Recorded information:
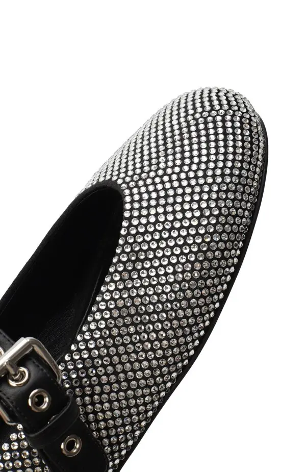 Балетки Miu Miu — изысканная пара, выполненная в стиле «Mary Jane». Модель украшена множеством страз, создающих эффект полного сияния. Дополнена кожаным ремешком с пряжкой и люверсами, что придаёт образу дерзкий и модный акцент. Отличный выбор для вечерних выходов и эффектных повседневных сочетаний.
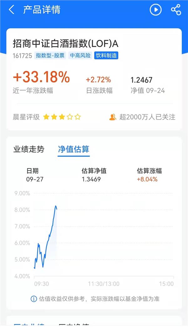 截至发稿,根据基金持仓估值测算,招商中证白酒基金目前净值涨逾8%。
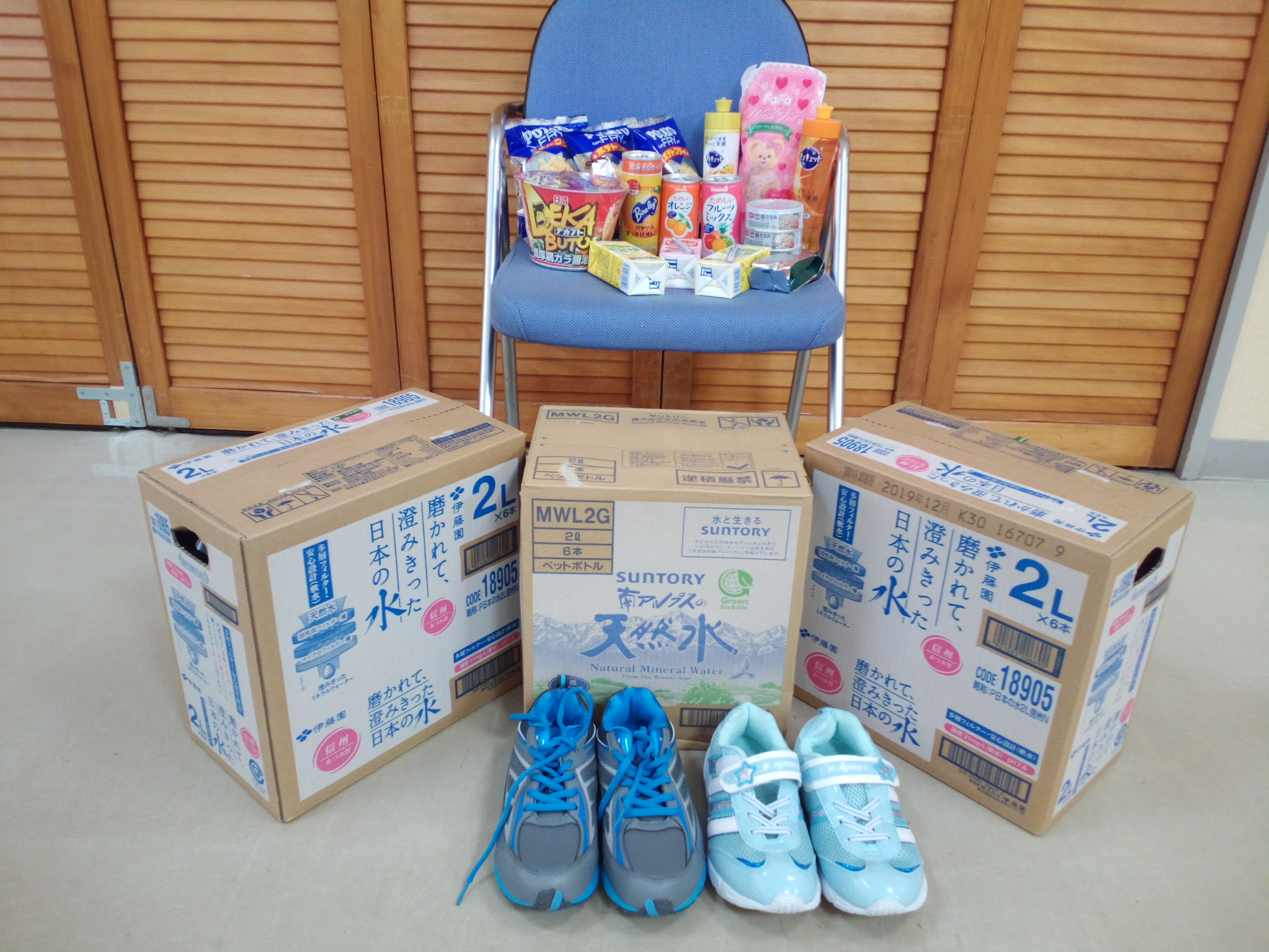 水・お菓子・ジュース・カップ麺・洗剤・靴等

Directions:
This task calls for the listing to be restated exactly, with images omitted.

Solution below:
 Балетки Miu Miu — изысканная пара, выполненная в стиле «Mary Jane». Модель украшена множеством страз, создающих эффект полного сияния. Дополнена кожаным ремешком с пряжкой и люверсами, что придаёт образу дерзкий и модный акцент. Отличный выбор для вечерних выходов и эффектных повседневных сочетаний.
 截至发稿,根据基金持仓估值测算,招商中证白酒基金目前净值涨逾8%。
 水・お菓子・ジュース・カップ麺・洗剤・靴等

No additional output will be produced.